– Обычно я их для него пережевываю. Так ему легче проглотить. И переварить.
Я мгновенно разгадал избранную Дереком систему защиты и решил посмеяться над этим:
– Крадешь, чтобы прокормить своего сына, Дерек?
Он поднял голову и коварно улыбнулся мне:
– Моего сына? Очень лестно… А я-то думал, что это твой.
После самоотверженности его следующим аргументом стала угроза.
Он поднял ребенка:
– Если он не мой, я возвращаю его тебе.
Я подхватил Хама и положил себе на колени. Младенец невозмутимо закрыл глазки.
– Спасибо, я сумею о нем позаботиться.
– Разумеется! – согласился Дерек. – И Нура тоже. Она так мечтает понянчиться. Надо только, чтоб она не знала, кто он такой.
Его последний выпад оказался ударом точно под дых – шантаж.
Чтобы обрести спокойствие, я сделал глубокий вдох и сдержанным тоном произнес:
– Я не потерплю твоего поведения, Дерек. Ты украл.
– О, такую малость.
– Такую малость, но из какой малости! Скоро мы все передохнем с голоду.
– По твоему разумению, нам следует подохнуть всем вместе? Одновременно?
– Болван!
– Ты стремишься поделить все: и то, что есть, и то, чего нет.
– Я вождь своей деревни и командир нашего судна, Дерек.
– Ты командир, а потому делаешь, что хочешь.
– Я командир, а потому не делаю того, что хочу.
– Командир обладает свободой!
– На командире лежит ответственность!
– Ты сам не понимаешь своих прав.
– У меня нет прав, но есть обязанности. Я должен поддерживать порядок, чтобы мы, если повезет, однажды сошли с судна на землю живыми и как можно более многочисленными. А потому я обвиняю тебя в краже. Ты в ней публично признаешься и извинишься перед всеми.
– Никогда!
– Завтра же утром!
– Никогда! У меня здесь другая роль. Я даю всем надежду, я утешаю. Они нуждаются во мне. Ты, как и Влаам, пойдешь на сделку со мной, потому что я оказался полезен.
– Не думаю, что люди будут по-прежнему любить тебя, когда узнают, что ты их предал! Не забывай, что ты их наставляешь, призываешь к молитве, сообщаешь им желания Богов.
– Вот именно. И они перестанут меня слушать, если я попрошу у них прощения.
– Я больше не хочу, чтоб они тебя слушали, Дерек. Я не согласен, чтобы те, за кого я в ответе, доверяли лжецу и вору.
Его словно хлыстом отходили; он напрягся, в глазах полыхала ненависть.
– Забери свои слова назад, Ноам!
– Никогда! Люди должны видеть, кто ты на самом деле.
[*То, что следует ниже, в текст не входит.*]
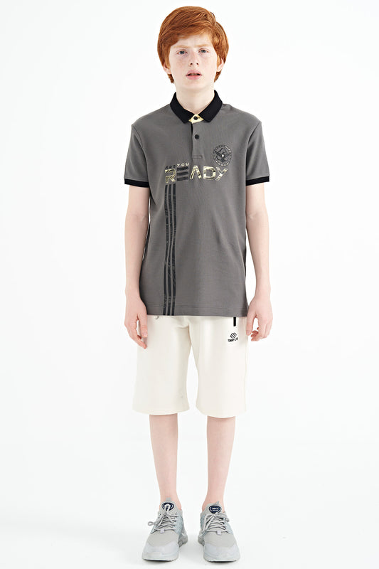 Dark Gray Print Pattern Standard Fit Polo Collar Boys' T-Shirt - 11143

От ярости его всего трясло. Он вздернул подбородок и окинул меня пренебрежительным взглядом:
– Тогда Нура увидит, кто на самом деле ты.
Теперь пришел мой черед вздрогнуть. Он решил укрепиться на своих позициях:
– Ты требуешь, чтобы я заговорил? Я заговорю.
Дерек с высокомерной улыбкой взглянул на меня:
– Но тебе не удастся заставить меня замолчать.
Следовало принять решение. Без малейшего колебания я выхватил кинжал. Раз он вредит нам, раз он вредит мне, я устраню его.
Заметив готовое обрушиться на него оружие, он в ужасе крикнул:
– Ты мой брат!
Моя занесенная рука уже готова была вонзить кинжал, однако в последний момент я отвел клинок, так что тупой удар пришелся Дереку в грудь и оглушил его.
Я схватил его за горло и принялся трясти:
– Что ты сказал?
Он не двигался, пот крупными каплями стекал по его искаженному страхом лицу. Он пробормотал:
– Ты мой брат.
Готовый придушить его, я заорал:
– Ты лжешь!
Он всхлипнул и, захлебываясь рыданиями и заикаясь, промямлил:
– Клянусь тебе. У меня есть доказательство – отметина.
Он взглядом указал на мои сросшиеся пальцы: точно такие же, как у него:
– Я первый сын Панноама.
Я колебался. Он это почувствовал и, проглотив слезы, нашел в себе силы добавить:
– Моя мать зачала меня с Панноамом.
– Когда?
– До тебя. До того, как он познал Елену.
– Я тебе не верю.
– Я твой старший брат, Ноам.
Я с отвращением отпустил его шею, оттолкнул это воняющее страхом, подлостью и притворством тело и прижался к стене, склонив голову к согнутым коленям, словно наказанный ребенок, и бормоча: «Нет, нет, нет».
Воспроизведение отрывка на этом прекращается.